OK, so I got my new Etrex 30 yesterday, only to find out that the provided mount did not fit. After taking a look at the Garmin-specific model (and reading the horror stories of GPS-ejection due to the poor quality of the mount) I decided to take matters into my own hands. After countless seconds of internet searching, while I did admire the DIY attempts of many (a sponge and 3 rubber bands being my favorite), none seemed suitable for the off road, rooty/rocky bump ridden life for which my Etrex had unwittingly been conscripted. After evaluating my available spare parts inventory, here's what is required (see pics):
-1 clip pedal "basket"
-hockey friction tape (blade tape--sticky on both sides)
-2 black 8" zip ties
-1 large o-ring/gasket (leftover bike light mount, but plumbing quality will also work)
-1 small (~1.5"x0.5"x0.25") foam block with adhesive on one side
-1 iced coffee (optional)

Step 1: Wrap about 5-6" of the hockey tape around the handle bar (see pic). I chose this type of tape because it remains sticky/adherent in the wet/hot/cold--important to keep the unit from spinning around the bars.
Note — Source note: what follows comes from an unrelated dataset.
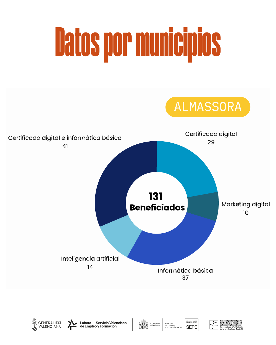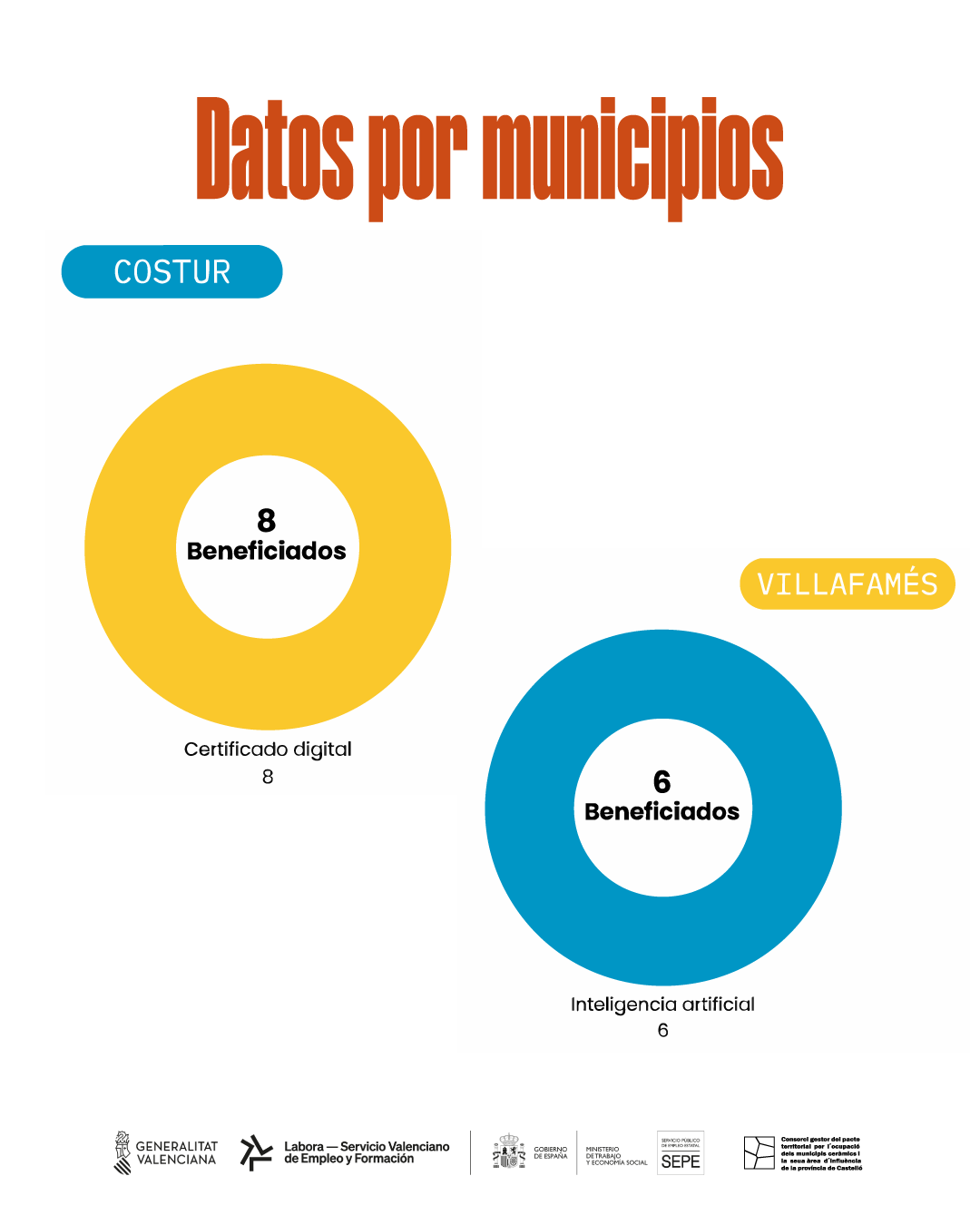 Durante la primera fase del proyecto, celebrada en 2023, se impartieron 19 talleres con una asistencia de 207 participantes. En la segunda fase, realizada en 2024, el número de talleres aumentó a 27, con un total de 313 asistentes. En conjunto, se han impartido 92 horas de formación en los municipios de Burriana, Betxí, Almassora, Costur, Sant Joan de Moró, L’Alcora y Vilafamés.

Step 2: Using a Dremel, I removed the portion of the pedal clip that bolts it to the pedal. This left a few sharp edges, which were easily filed smooth.

Step3: Using the zip ties (I used 2), attach the pedal clip to the bar. There were a few places to which you could attach the basket/clip, which affords some vertical adjustment. I put mine as far forward as possible, to keep it out of my "drip zone".
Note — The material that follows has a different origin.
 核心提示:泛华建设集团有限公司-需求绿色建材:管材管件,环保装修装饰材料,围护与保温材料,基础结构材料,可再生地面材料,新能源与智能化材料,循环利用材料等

Step 4: Trip a bit out of the middle of the foam block, then fix it to the mount. This really snugs things up when the unit is installed, and provides an additional level of attachment/cushion.

Step 5: Thread the o-ring through the metal loop on the back of the unit and "knot" it in place.
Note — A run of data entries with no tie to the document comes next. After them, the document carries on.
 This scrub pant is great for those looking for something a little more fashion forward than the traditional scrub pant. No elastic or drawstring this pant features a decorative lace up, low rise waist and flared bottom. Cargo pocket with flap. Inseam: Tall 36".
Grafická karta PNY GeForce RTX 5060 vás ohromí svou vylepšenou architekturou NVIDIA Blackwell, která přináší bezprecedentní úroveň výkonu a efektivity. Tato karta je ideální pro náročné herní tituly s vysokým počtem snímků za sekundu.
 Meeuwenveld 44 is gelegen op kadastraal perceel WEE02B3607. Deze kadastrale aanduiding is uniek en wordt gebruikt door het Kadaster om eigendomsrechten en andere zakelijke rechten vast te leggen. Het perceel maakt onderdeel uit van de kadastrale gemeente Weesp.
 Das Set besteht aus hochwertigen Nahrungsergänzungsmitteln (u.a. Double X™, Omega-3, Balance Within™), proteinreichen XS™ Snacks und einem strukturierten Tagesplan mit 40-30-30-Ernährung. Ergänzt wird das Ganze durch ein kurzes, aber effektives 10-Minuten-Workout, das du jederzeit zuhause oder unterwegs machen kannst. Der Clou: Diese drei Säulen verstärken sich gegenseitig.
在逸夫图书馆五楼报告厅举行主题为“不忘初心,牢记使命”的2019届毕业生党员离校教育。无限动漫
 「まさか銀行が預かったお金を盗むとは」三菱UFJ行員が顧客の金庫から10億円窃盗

Step 6: To install, simply loop the o-ring over the front of the installed clip, seat the unit on the foam block, and voila.

I have to say that this holds the unit in place remarkably well. Tested this on some curbs, log piles, creek crossings, and the unit hasn't so much as budged. For asthetics, I may remove, with the Dremel, a bit more of the north-end of the toe clip, but I want to test this on a few rides first. As this end is a bit wider than where the o-ring normally rests, it serves as a layer of protection (from ejection) should the unit ever become dislodged.

All in all, this took about 10 minutes to complete. Enjoy!

Scott


----------